Marketing Theory Pt. 5

Marketing Theory Pt. 5

Question 4: Sears acquired Lands’ End, a well known brand name label, in an effort to improve sales. How best should Sears proceed with this merger?

A financial perspective on net income:

In 2002, Sears purchased Lands’ End for US $1.9B. Between 1996 and 2000, Lands’ End had a healthy but inconsistent net income. During that same period, Sears also posted healthy net incomes.

Table 2. Sears and Land’s End net incomes.

Net Income 1996 1997 1998 1999 2000
Lands’ End $30.5M $51M $64M $31.2M $38M
Sears $1.27B $1.19B $1.0B $1.5B $1.3B

A marketing perspective:

Immediately after this merger, Sears went into a financial tail spin. From my observation of  both the Sears and Land’s End brands, there seems to be no reason for a brand conflict. Integration should have been mutually beneficial as Sears had an established bricks and mortar operation while Lands’ End has a pioneer of e-tailing. Sears seemed to have performed a proper implementation of brand integration. In a 2003 press interview, Sears CEO Alan Tracy commented on the challenge of integrating the wants of two separate target markets.[1] He stated that Sears had a multicultural draw while Land’s End attracted a more “northern” audience – probably meaning Anglo-Saxon.

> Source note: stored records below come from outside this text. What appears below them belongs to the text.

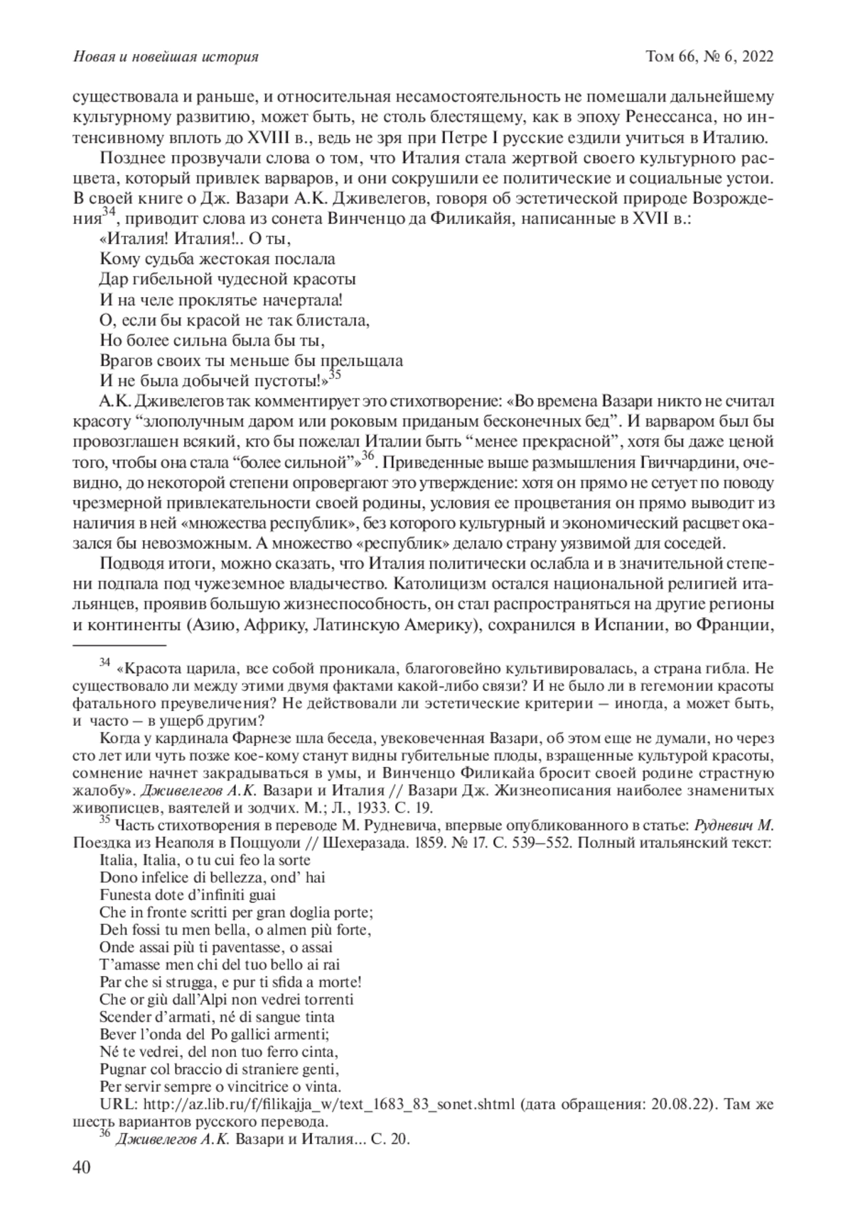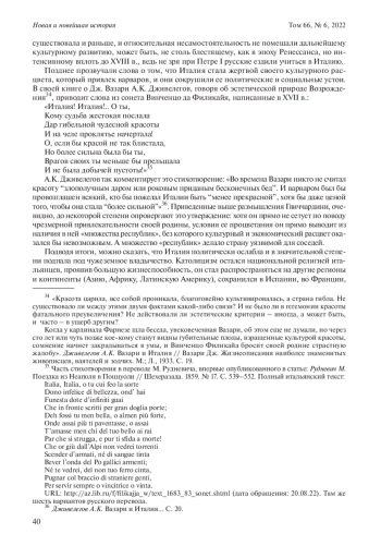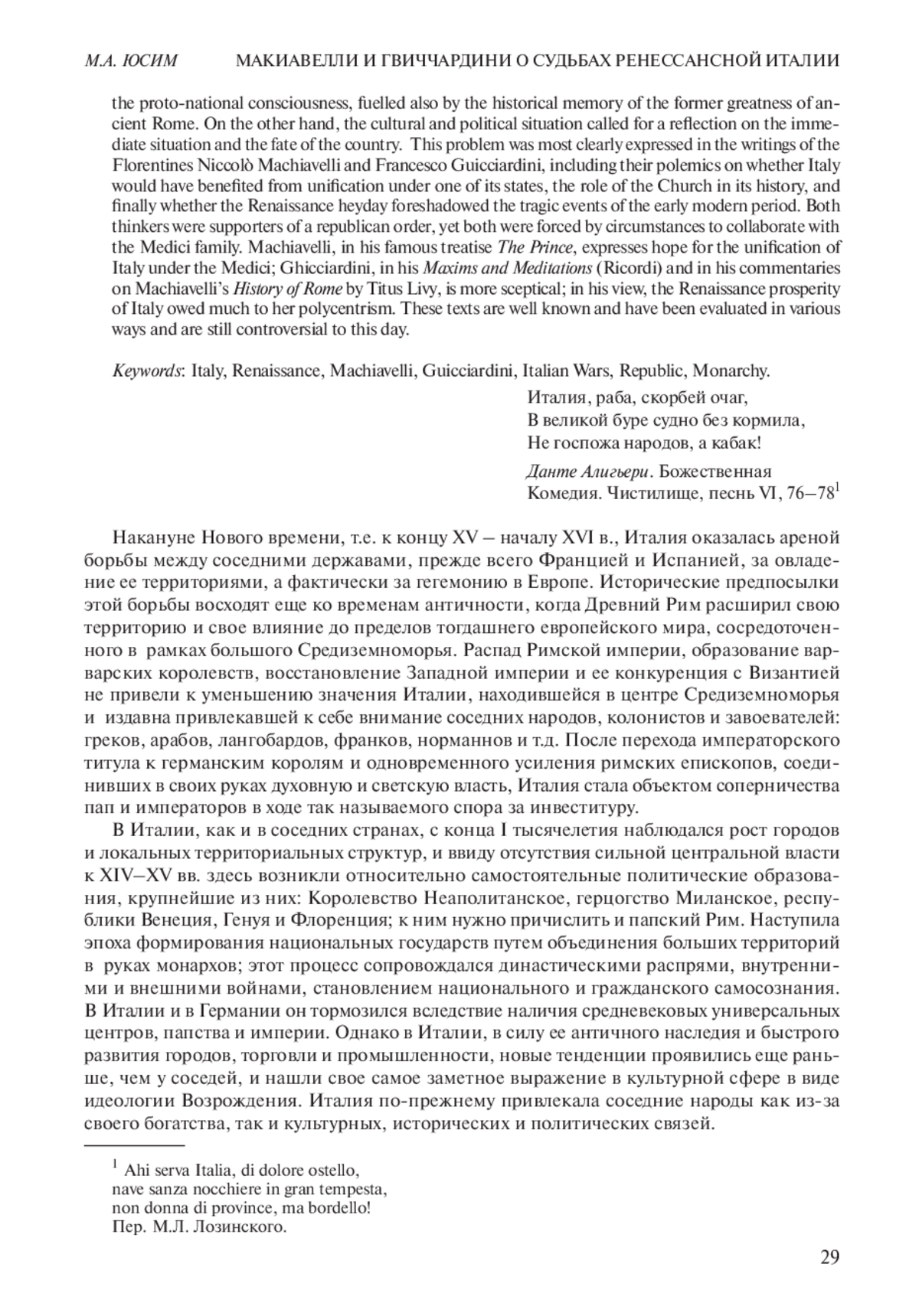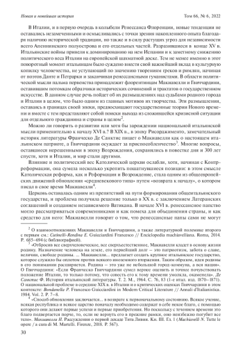 К началу XVI в. Италия была самой богатой, процветающей и передовой страной Европы, центром католического мира. Однако одновременно здесь развернулись войны соседних держав за господство на полуострове. С одной стороны, это парадоксальным образом способствовало обострению протонационального самосознания, подогреваемое и исторической памятью о былом величии Древнего Рима. С другой стороны, культурная и политическая обстановка требовала осмысления текущего момента и грядущих судеб страны. Наиболее ярко эта проблематика выразилась в сочинениях флорентинцев Никколò Макиавелли и Франческо Гвиччардини, в том числе и в их полемике по поводу того, пошло ли бы Италии на пользу объединение под эгидой одного из ее государств, какова была роль Церкви в истории страны, наконец, не предопределил ли ренессансный расцвет трагических событий начала Нового времени. Оба мыслителя были сторонниками республиканского устройства, но оба в силу обстоятельств были вынуждены сотрудничать с семейством Медичи, представители которого занимали папский трон в 20-х – начале 30-х годов XVI в. Макиавелли в знаменитом трактате «Государь» выражает надежду на объединение Италии под эгидой Медичи. Гвиччардини в своих «Заметках о делах политических и гражданских» и в комментариях к труду Макиавелли об «Истории Рима» Тита Ливия настроен более скептически, по его мнению, ренессансным расцветом Италия обязана своему полицентризму. Названные тексты хорошо известны, но по сей день их трактовка вызывает споры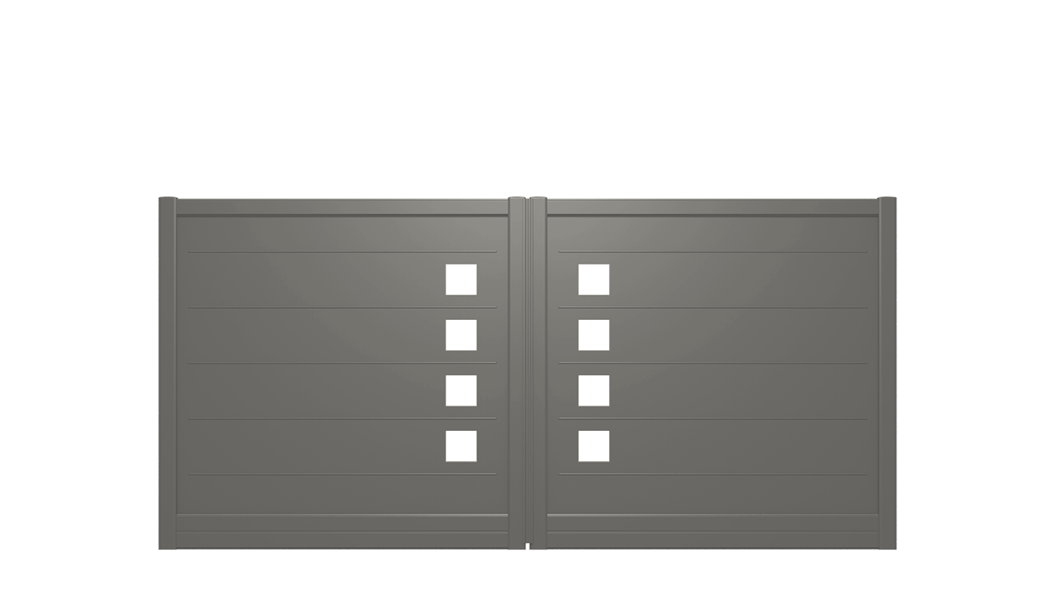 Le portail 2 vantaux est le plus classique et celui qui s’adapte le mieux à tous les environnements (sol plat, en montée grâce au gond de pente qui relève les vantaux à l’ouverture). D’une utilisation simple et confortable, il peut être facilement équipé d’un système de motorisation. Ouverture du portail possible jusqu’à 180°(idéale pour un accès tournant) suivant le type de pose. Configuré en 2/3- 1/3, le plus petit battant fera office de portillon, plus pratique à utiliser que de grandes ouvertures de portail.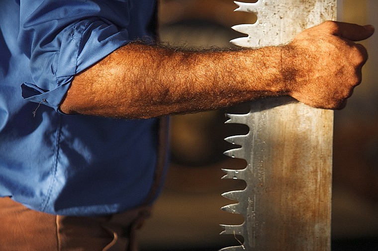 Patrick Cote/Daily Inter Lake Scott Skerlock holds the saw for the log-sawing contest Thursday night during Oktoberfest at Depot Park in Whitefish. Thursday, Sept. 27, 2012 in Whitefish, Montana.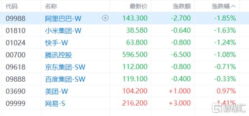权重科技股多数走低,阿里巴巴、小米、快手、腾讯控股跌超1%,京东、百度微跌;美团涨近1%,网易涨1.41%。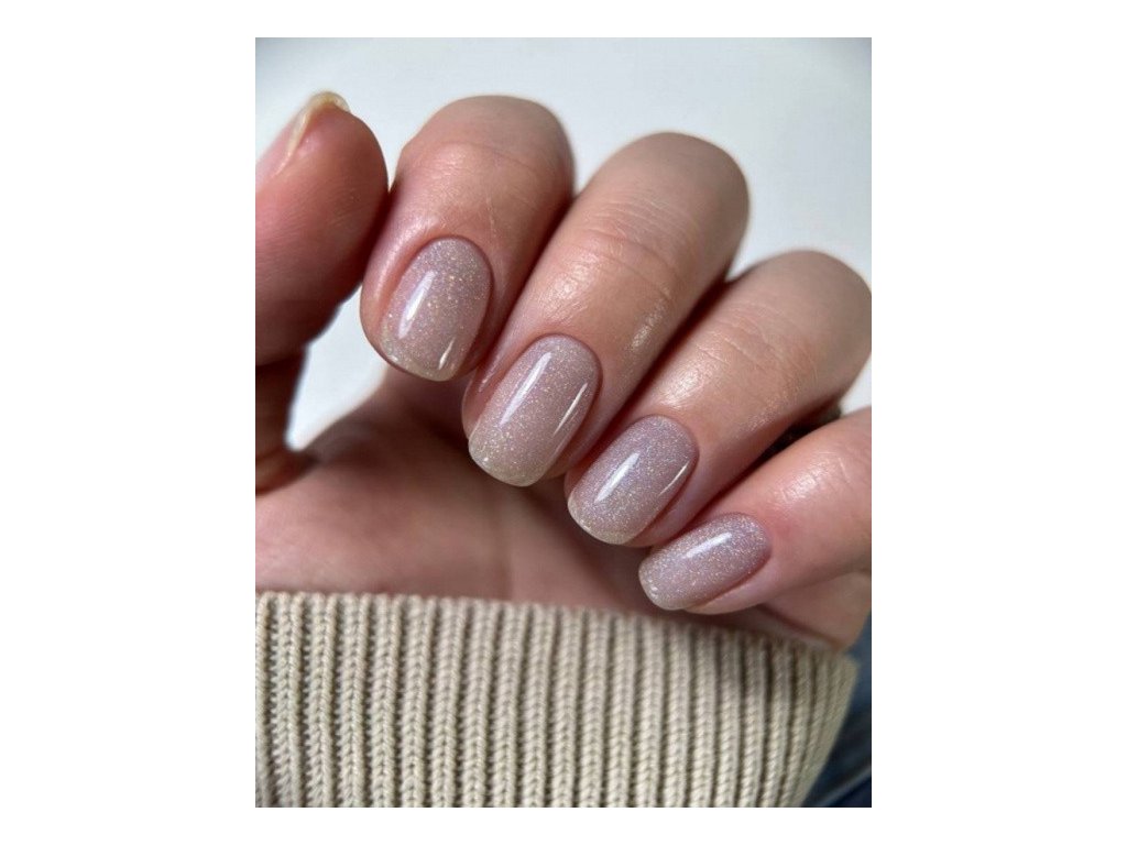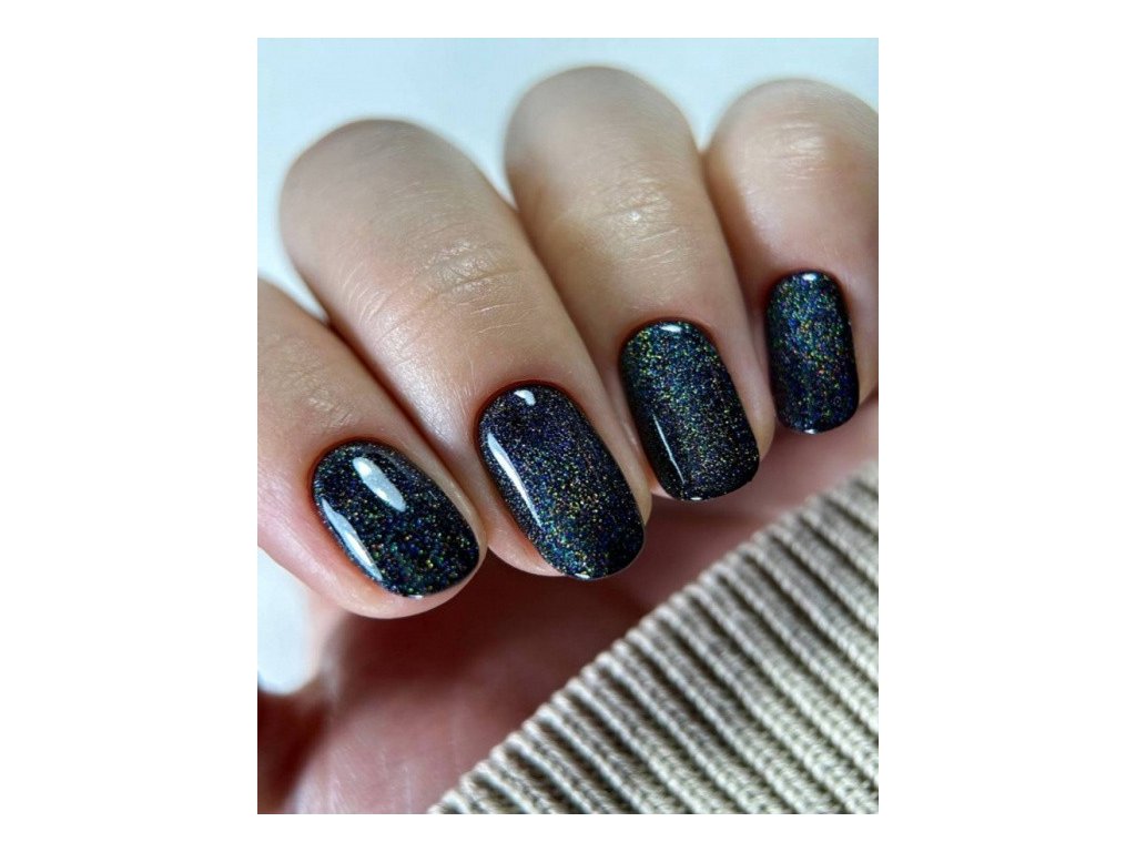 DARK HOLOGRAM TOP is a transparent glossy no-wipe top coat with glitter and a UV filter. It is designed for gel and gel-polish systems. It features a “cat-eye” effect and can be used with a magnet.

An E-business perspective:

With increased Business Intelligence (BI), Sears should have the capacity to better understand the new market place through data mining. By leveraging Lands’ End’s technology and customer base with their own, over all efficiency should be increased. The biggest challenge will be in Enterprise Resource Planning (ERP). How should Sears proceed with the integration of two distinct units, keeping each brand intact, while taking advantage of such things and human resources efficiency, supply chain management, and the further development of BI.